2.2 Les grandes enquêtes internationales et leurs travaux

2.2.6 Le Barómetro Iberoamericano de gobernabilidad

Même si elles représentent souvent un acteur important dans les grandes enquêtes, les entreprises privées sont rarement impliquées dans toutes les phases de la réalisation des sondages internationaux. Sous la responsabilité d’un  consortium d'entreprises spécialisées en enquêtes d’opinion, le baromètre ibéro -américain  fait  figure  d’exception.  Dirigé  par  le  Consorcio Iberoamericano de Empresas de Investigacion de Mercados y Asesoramiento (CIMA), ce baromètre s’organise autour de ses membres, des firmes qui ont comme mandat de réaliser  une fois par année des sondages dans leur pays respectif de la région ibéro-américain.  L’objectif  premier  de  ces  enquêtes  nationales  réalisées  depuis  1992  est de connaître les opinions des citoyens latino-américains, espagnols et portugais sur les chefs d’États de la région. 

Outre  l’analyse  des  taux  de  sympathie  à  l’égard  des  chefs  d’État, la direction du CIMA et ses membres cherchent aussi à connaître les points de vue des  citoyens  sur  des  enjeux  secondaires.  D’une  année  à  l’autre,  les  sondeurs 

choisissent  des  thématiques  qui  changent  en  fonction  de  l’actualité  ou  d’autres  critères. Par exemple, en 2006 et en 2008, le CIMA chercha à connaître l’attachement  des  citoyens  ibéro-américains pour la démocratie. Des questions d’ordre général étaient ainsi incorporées aux sondages annuels afin de mesurer  la préférence des Ibéro-Américains pour « la démocratie » ou encore pour évaluer  leur  niveau  d’appui  « au système politique ». En 2006, les sondeurs ajoutèrent une série de questions plus précises afin de connaître le niveau de tolérance des sondés envers la participation politique (droit de vote, manifestations, discours télévisés, etc.) des « gens qui critiquent le gouvernement ».

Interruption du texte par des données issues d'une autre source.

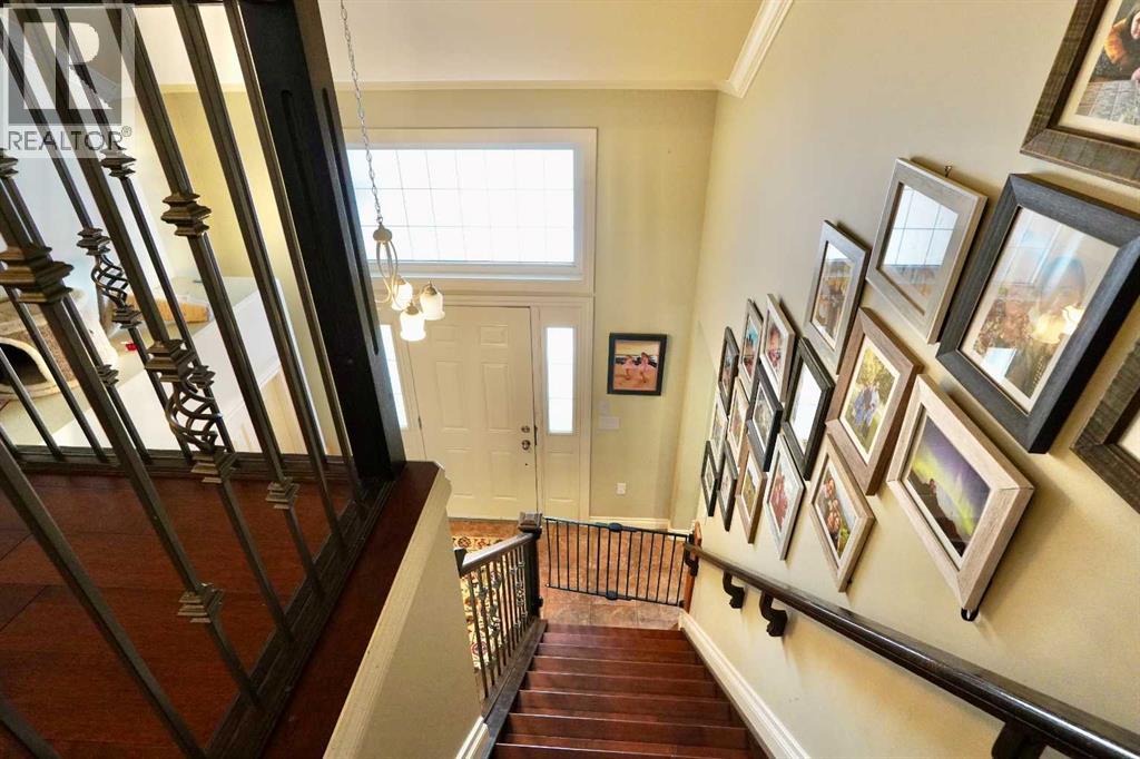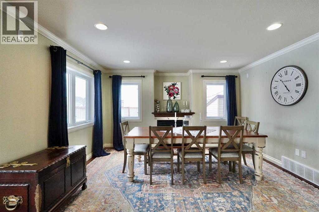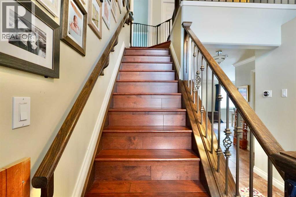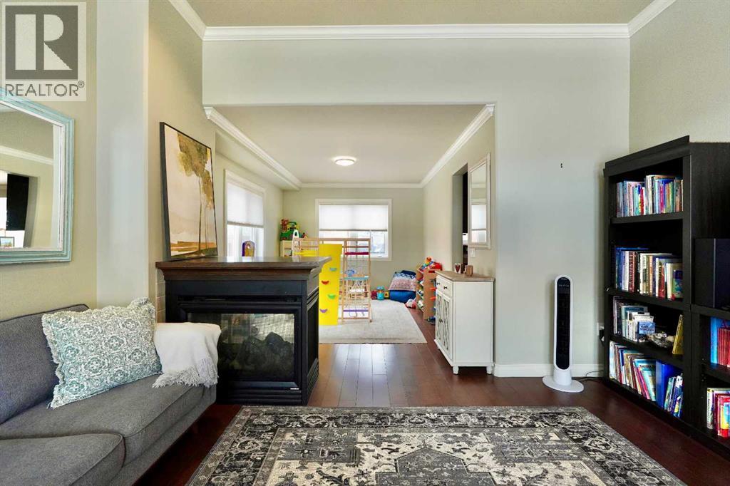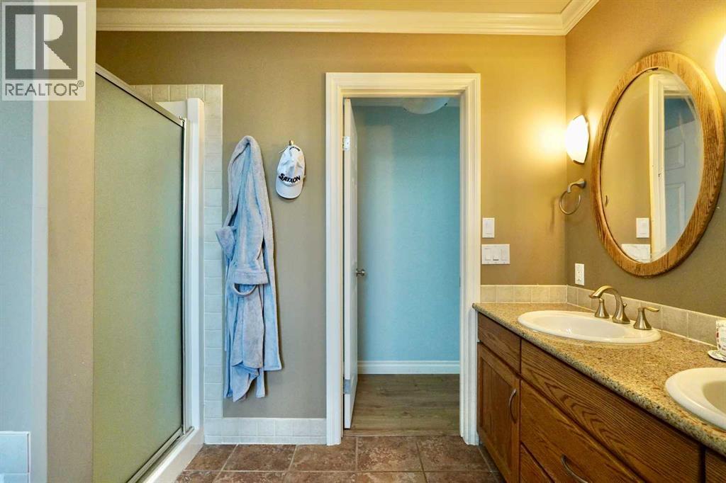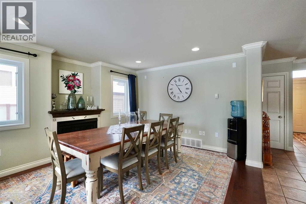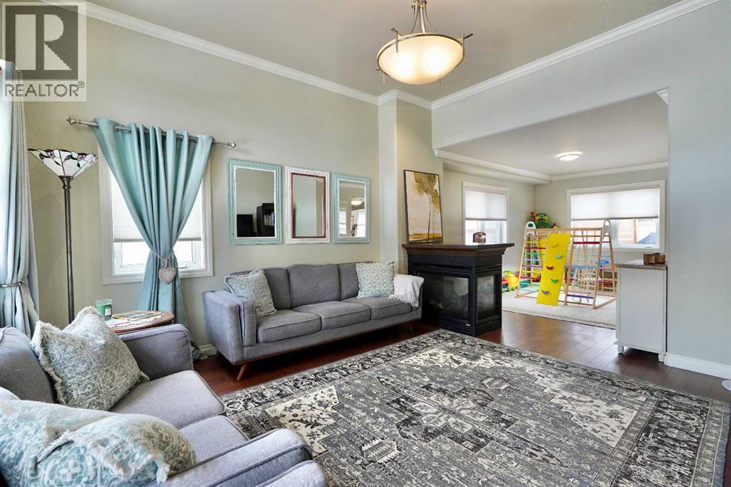 Welcome to this stunning, custom-built 1.5 story home in the highly sought-after Saddleback Ridge community—a true standout with exceptional craftsmanship, thoughtful design, and space for the whole family. Offering 5 bedrooms and 3.5 bathrooms, this property is an absolute must see. Step inside to an inviting open-concept layout centered around a gorgeous kitchen featuring rich wood cabinetry, quartz countertops, stainless steel appliances, a pantry, and an abundance of storage. The kitchen flows seamlessly into the cozy family room, complete with a gas fireplace, and an adjoining dining nook with garden doors leading to the back deck and brick patio—perfect for morning coffee or summer entertaining. On the opposite side of the kitchen, you’ll find an elegant formal living and dining area enhanced by a striking three-sided gas fireplace, creating a warm and welcoming atmosphere for gatherings. The main level also includes a convenient half bath and a well appointed laundry room with direct access to the heated double car garage.Upstairs, discover three generously sized bedrooms, including a spacious primary suite designed for relaxation. The primary retreat features a walk-in closet and a luxurious 5-piece ensuite with a large jetted tub. The additional full bathroom on this level also offers a deep soaker tub for added comfort. The finished full basement—with in-floor heating—adds even more living space. Here you’ll enjoy a large family room, two oversized bedrooms, a 3-piece bathroom, and a dedicated storage room. Outside, the beautifully landscaped and fully fenced yard is a true extension of the home. With a brick patio, retaining wall, underground sprinklers in the front and back, and a storage shed, the outdoor space is both functional and serene. Central air conditioning ensures comfort on warm summer days. This exceptional property offers incredible space, comfort, and features that cater to every member of the family. Don’t miss your chance to view t his remarkable home—book your private showing today and experience all it has to offer. (id:63190)

L’intérêt du consortium pour les questions liées à l’appui à la démocratie est  toutefois quelque chose d’assez ponctuel. Plus porté à étudier la perception des  sondés sur  les  acteurs  politiques  ou  l’offre  politique  et  institutionnelle,  le  CIMA  investie peu dans l’analyse des valeurs et des croyances des citoyens ou encore  dans  l’évaluation  des  préférences  démocratiques.  Entre  2006  et  2010,  le  consortium  s’intéressa,  par exemple, à la satisfaction des sondés envers la démocratie, la protection des droits et le travail des tribunaux, mais sans chercher à connaître en détail l’appui des sondés envers ces derniers aspects.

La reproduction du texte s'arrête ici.